NEWS- Non-fiction? DA, cop sue Grisham over book


John Grisham's book about two men convicted of a 1982 murder only to be exonerated in 1999 by DNA evidence was the best-selling non-fiction book of 2006, according to Publisher's Weekly, with over 2 million copies sold.
FILE PHOTO BY TOM DALY

John Grisham knew there was one advantage to sticking to legal thrillers of the fictional variety: your characters can't jump off the page and sue you.

On Friday, September 28, two Oklahoma men featured in the best-selling author's non-fiction debut, The Innocent Man, filed suit in Eastern Oklahoma Federal Court against Charlottesville's most famous scribe and his publisher. The men allege that Grisham libeled them in the book whose subtitle is Murder and Injustice in a Small Town.

The two plaintiffs– an Oklahoma State Bureau of Investigation agent and the Pontotoc County district attorney– allege that they were unfairly portrayed in Grisham's narrative of the wrongful conviction of one-time professional baseball player Ron Williamson, who spent more than a decade on death row before DNA evidence exonerated him. Their suit says that the book is rife with falsehoods and misrepresentations "designed to defame the Plaintiffs as well as create publicity that cast the Plaintiffs in a false light."

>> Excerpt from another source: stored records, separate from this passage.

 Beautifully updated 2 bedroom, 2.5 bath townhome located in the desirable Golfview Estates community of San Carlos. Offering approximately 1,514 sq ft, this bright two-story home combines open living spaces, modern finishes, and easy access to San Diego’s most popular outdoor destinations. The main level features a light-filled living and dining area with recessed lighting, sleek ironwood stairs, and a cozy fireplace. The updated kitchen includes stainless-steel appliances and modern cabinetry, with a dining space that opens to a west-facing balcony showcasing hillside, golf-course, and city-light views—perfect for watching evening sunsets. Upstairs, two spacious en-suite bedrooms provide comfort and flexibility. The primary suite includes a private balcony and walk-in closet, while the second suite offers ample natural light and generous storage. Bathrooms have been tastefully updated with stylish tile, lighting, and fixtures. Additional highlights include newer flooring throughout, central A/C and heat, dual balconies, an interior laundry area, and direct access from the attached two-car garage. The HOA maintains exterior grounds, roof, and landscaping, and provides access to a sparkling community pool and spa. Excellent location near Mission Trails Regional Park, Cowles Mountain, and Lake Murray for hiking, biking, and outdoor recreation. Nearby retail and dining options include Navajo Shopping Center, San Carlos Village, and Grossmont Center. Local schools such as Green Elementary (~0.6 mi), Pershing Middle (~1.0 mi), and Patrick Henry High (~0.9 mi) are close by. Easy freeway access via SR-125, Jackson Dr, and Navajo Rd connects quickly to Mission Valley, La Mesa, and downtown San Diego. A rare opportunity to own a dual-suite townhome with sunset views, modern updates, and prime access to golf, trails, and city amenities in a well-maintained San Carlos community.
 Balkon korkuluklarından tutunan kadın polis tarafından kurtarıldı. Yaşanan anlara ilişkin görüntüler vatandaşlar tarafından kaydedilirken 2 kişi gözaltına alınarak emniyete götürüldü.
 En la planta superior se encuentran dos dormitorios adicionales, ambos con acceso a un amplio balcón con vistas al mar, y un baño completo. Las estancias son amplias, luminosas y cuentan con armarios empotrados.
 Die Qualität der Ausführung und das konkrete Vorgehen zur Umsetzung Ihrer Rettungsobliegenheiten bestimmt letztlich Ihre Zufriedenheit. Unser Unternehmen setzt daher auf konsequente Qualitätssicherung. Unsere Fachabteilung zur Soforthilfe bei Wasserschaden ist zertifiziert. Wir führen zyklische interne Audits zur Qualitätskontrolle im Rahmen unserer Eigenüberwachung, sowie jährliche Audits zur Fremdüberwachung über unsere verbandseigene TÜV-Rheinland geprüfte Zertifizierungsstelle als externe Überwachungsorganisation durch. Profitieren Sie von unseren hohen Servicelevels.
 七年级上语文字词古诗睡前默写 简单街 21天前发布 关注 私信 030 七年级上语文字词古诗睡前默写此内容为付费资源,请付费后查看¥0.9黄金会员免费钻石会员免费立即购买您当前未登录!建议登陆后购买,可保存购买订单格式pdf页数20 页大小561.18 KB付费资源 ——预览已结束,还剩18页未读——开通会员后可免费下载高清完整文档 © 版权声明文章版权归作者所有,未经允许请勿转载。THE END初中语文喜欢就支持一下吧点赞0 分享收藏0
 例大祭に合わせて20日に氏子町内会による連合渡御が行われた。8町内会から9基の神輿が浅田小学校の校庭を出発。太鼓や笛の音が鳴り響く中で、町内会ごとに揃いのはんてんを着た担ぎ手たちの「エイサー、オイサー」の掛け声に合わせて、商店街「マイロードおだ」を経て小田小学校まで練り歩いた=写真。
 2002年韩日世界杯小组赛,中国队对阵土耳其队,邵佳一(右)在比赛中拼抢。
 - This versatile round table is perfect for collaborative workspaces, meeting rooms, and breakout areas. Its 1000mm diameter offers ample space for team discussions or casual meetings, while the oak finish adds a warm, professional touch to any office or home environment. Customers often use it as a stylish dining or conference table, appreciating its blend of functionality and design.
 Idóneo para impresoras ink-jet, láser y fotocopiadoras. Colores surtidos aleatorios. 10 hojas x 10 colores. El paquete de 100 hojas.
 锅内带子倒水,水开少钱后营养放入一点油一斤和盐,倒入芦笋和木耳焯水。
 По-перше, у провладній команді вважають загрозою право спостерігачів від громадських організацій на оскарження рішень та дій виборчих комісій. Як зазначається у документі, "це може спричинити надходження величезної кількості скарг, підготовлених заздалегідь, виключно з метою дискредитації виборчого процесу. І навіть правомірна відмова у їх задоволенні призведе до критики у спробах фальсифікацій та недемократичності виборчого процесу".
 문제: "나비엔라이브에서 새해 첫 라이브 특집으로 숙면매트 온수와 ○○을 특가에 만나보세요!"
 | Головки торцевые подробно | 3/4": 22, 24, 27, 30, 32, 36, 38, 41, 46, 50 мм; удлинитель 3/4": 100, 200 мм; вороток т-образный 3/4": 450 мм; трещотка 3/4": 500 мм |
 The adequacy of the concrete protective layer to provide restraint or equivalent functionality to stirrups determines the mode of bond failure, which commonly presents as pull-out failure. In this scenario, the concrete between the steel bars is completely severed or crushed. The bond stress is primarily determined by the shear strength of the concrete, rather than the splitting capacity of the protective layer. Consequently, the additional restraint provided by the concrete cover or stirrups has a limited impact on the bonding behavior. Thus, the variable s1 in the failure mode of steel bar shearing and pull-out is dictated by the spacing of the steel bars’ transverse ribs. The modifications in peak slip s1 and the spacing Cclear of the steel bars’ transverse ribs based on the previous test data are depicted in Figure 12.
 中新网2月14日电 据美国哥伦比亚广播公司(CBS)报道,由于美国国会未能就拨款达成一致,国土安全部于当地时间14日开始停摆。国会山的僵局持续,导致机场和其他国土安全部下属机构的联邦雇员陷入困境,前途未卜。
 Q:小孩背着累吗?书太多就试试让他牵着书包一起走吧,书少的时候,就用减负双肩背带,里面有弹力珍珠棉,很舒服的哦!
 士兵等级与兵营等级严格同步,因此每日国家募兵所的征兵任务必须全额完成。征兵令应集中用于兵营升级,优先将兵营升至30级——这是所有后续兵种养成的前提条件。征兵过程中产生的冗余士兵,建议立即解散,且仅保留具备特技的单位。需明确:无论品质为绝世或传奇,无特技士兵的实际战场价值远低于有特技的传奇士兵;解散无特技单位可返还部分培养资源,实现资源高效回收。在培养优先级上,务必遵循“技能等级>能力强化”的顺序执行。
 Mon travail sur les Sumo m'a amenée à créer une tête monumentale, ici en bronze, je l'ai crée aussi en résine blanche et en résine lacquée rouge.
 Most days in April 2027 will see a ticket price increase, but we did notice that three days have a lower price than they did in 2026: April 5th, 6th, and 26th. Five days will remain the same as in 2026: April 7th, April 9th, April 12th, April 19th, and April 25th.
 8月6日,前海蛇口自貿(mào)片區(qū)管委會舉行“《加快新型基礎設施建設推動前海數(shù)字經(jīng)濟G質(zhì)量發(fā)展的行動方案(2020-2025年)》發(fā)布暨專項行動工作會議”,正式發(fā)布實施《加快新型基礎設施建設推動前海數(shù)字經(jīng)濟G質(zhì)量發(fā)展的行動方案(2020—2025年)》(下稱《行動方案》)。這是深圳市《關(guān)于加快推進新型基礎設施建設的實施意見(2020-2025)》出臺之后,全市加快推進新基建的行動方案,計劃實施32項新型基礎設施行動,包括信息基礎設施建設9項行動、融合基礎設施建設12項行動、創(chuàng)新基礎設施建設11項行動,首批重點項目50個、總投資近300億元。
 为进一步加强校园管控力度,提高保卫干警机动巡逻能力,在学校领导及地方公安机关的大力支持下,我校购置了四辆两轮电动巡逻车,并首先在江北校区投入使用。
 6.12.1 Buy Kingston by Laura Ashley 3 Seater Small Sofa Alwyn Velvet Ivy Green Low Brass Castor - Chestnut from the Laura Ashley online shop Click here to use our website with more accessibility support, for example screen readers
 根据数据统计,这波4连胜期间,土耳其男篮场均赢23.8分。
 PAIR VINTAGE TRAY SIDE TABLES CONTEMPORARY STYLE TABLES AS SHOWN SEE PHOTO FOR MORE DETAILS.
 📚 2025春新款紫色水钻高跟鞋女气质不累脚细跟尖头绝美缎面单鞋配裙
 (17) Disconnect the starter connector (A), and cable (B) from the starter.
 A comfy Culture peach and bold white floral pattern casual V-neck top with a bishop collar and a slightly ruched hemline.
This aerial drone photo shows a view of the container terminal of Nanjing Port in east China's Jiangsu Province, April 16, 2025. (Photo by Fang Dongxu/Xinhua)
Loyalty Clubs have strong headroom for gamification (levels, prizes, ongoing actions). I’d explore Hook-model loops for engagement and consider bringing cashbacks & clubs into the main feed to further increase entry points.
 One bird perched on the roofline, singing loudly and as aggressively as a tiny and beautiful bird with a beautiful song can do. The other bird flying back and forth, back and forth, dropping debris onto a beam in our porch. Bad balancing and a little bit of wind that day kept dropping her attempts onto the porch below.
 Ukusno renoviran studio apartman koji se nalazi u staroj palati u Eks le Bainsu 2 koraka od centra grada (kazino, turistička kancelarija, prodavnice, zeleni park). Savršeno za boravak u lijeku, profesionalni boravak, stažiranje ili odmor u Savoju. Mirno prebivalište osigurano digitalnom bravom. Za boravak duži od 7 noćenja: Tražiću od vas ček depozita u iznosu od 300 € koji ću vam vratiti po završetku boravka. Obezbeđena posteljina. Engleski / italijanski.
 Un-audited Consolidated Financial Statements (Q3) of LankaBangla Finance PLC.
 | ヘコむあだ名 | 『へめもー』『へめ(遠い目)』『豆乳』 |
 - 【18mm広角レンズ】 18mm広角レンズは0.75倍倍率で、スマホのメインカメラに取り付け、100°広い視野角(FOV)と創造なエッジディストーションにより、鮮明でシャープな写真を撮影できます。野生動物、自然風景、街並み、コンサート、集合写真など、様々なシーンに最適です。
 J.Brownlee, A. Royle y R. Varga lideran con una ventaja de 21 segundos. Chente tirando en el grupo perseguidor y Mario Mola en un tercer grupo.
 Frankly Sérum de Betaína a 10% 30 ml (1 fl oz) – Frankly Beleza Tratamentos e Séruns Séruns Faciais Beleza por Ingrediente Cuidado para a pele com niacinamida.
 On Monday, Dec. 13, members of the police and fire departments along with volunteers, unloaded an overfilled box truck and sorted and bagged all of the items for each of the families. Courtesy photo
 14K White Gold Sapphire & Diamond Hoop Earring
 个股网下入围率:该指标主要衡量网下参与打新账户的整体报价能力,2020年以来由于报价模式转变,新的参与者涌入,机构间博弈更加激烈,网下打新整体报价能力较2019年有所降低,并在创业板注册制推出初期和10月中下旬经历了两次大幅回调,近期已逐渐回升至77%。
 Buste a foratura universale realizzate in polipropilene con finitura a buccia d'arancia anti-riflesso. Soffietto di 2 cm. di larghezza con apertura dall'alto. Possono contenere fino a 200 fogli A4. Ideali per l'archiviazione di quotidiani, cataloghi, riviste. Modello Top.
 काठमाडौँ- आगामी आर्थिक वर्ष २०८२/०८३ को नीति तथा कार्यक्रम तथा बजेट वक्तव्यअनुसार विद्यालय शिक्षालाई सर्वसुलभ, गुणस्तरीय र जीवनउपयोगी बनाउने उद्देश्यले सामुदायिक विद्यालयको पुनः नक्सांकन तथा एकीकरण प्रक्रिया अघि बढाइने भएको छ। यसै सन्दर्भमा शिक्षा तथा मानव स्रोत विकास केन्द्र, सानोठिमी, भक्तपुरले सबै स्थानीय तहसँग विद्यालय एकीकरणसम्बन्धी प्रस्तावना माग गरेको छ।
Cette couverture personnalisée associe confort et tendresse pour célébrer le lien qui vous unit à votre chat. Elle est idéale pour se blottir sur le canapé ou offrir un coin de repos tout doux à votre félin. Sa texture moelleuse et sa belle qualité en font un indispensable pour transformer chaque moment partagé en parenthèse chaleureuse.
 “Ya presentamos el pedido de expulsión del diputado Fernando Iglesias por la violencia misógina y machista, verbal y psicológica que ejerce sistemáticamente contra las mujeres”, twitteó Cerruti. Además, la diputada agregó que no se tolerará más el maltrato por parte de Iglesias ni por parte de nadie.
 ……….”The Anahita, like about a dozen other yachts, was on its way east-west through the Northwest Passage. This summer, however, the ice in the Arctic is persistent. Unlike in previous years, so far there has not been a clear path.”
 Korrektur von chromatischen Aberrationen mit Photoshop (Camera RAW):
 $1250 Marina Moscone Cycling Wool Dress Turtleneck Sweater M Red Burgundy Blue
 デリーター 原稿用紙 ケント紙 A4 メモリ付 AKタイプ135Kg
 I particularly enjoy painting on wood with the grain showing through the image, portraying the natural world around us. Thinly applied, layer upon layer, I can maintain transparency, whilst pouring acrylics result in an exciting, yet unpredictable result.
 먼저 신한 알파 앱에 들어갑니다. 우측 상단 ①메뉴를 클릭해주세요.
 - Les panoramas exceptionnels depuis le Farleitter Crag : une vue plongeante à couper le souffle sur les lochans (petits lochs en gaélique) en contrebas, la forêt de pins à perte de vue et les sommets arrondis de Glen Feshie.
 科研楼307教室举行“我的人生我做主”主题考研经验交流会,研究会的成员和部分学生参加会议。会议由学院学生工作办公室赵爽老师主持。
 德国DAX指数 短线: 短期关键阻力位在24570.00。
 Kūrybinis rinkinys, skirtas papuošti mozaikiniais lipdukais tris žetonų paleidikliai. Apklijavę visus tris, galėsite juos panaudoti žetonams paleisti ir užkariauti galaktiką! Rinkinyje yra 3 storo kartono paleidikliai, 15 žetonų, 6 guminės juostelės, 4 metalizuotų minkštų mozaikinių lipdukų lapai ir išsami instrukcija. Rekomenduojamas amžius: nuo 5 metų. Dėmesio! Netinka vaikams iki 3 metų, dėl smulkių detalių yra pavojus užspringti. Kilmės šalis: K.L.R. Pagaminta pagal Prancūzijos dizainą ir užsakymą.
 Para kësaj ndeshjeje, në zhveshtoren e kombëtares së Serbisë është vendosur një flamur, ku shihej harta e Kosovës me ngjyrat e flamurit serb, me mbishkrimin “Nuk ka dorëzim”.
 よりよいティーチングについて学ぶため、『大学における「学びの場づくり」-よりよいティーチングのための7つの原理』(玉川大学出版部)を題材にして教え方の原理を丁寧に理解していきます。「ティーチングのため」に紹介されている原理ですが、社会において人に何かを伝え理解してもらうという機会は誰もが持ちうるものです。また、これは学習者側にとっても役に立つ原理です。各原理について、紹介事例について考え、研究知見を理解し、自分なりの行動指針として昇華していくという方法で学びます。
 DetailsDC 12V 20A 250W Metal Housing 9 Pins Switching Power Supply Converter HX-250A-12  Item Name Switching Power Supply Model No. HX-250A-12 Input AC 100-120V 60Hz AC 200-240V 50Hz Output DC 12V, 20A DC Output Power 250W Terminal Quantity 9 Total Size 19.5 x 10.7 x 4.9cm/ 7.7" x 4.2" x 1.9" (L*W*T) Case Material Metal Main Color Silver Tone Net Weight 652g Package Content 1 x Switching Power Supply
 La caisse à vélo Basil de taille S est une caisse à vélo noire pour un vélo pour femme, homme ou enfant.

Grisham would say only, "It would be inappropriate for me to comment on pending litigation."

The complaint doesn't list any explicitly defamatory statements, but the DA, Bill Peterson, launched a website that doesn't allege misstatements so much as cite numerous passages where Grisham doesn't tell the whole story.

"When objectivity and balance are unduly compromised in favor of dramatic license," Peterson writes, "the truth suffers."

Can there be such thing as libel by omission?

Thomas Nachbar, a professor of media law at the UVA Law School, says there are circumstances where cherry-picking facts would be considered libelous. "If you say a person was seen leaving the scene with his hands covered in blood and you know he's a surgeon, there's a falsehood implied by that," he explains.

Among the numerous examples listed on billpetersondistrictattorney.com are accusations that Grisham ascribes motives and thought patterns to Peterson and the other plaintiff although the writer allegedly spoke to Peterson for only half an hour four months before the book's publication, and that he never spoke to agent Gary Rogers.

Grisham's book also implies Peterson settled a lawsuit with the two wrongfully convicted men (the other got life in prison) when, in fact, a judge dismissed Peterson's portion of the suit, and it was other defendants in the same suit who had settled. Grisham hints that Peterson should have known about the real killer's history of violence against women even though those violent offenses occurred four to five years after the murder in question. Grisham also suggests that Peterson relied on unreliable hair evidence before such methods were found to be inconclusive.

Peterson has posted scans of his correspondence with Grisham via faxed letters. On October 19, 2006, after Peterson raised two of his objections, Grisham conceded, "I am sure you will find more than two errors. Such is the nature of non-fiction."

When Peterson responded that he didn't believe Grisham's mistakes were made in good faith, Grisham advised him, "Save yourself some time. Lose my address and fax number."

H.G. "Buzz" Bissinger knows a thing or two about dealing with people who have been unflatteringly portrayed. He wrote Friday Night Lights, the classic account of the 1988 high school football season in Odessa, Texas. Nobody sued, but Bissinger had to face charges of unfairness in the court of public opinion.

"I had to cancel a book signing down that way due to threats of bodily harm against me," says Bissinger. "The only people who were upset about the book were people who are in there only very briefly who didn't like how I delved into issues of racism and where they were putting their educational priorities."

As far as "dramatic license" is concerned, Bissinger says for his part, he always wants to spin a good yarn, but never at the expense of the truth. "You want to tell the best possible story, but you don't change facts around," he says. "Sometimes that means you don't get the story you want, but so be it."

In working on his 2005 book, Three Nights in August, about a three-game series between baseball's Chicago Cubs and the St. Louis Cardinals, Bissinger says, he got to know Grisham through the Charlottesvillian's friendship with Cardinals manager Tony La Russa. Bissinger is confident his friend is standing on high ethical ground.

"All I can do is sympathize with John, because lawsuits are often without merit, and they put the writers through hell. But he'll get through this," he says. "He's an impeccable man, and I have no doubt he'll be vindicated."

The suit seeks in excess of $75,000, and an Oklahoma federal judge has set a tentative trial date of August 18, 2008. Also named as a defendant to the suit is noted defense attorney Barry Scheck, who heads a group called The Innocence Project.

This isn't the first time Grisham has been named in a lawsuit. In 2000, a parent at St. Anne's-Belfield School accused Grisham of trying to inflict emotional distress when he, as a board member, accused her of writing nasty anonymous letters. In July 2005, a judge threw out the case, only to have his ruling overturned by the Virginia Supreme Court in January. In May, the parent offered a $10,000 reward for information about the identity of the letter writer on her website, TheInnocentWoman.com.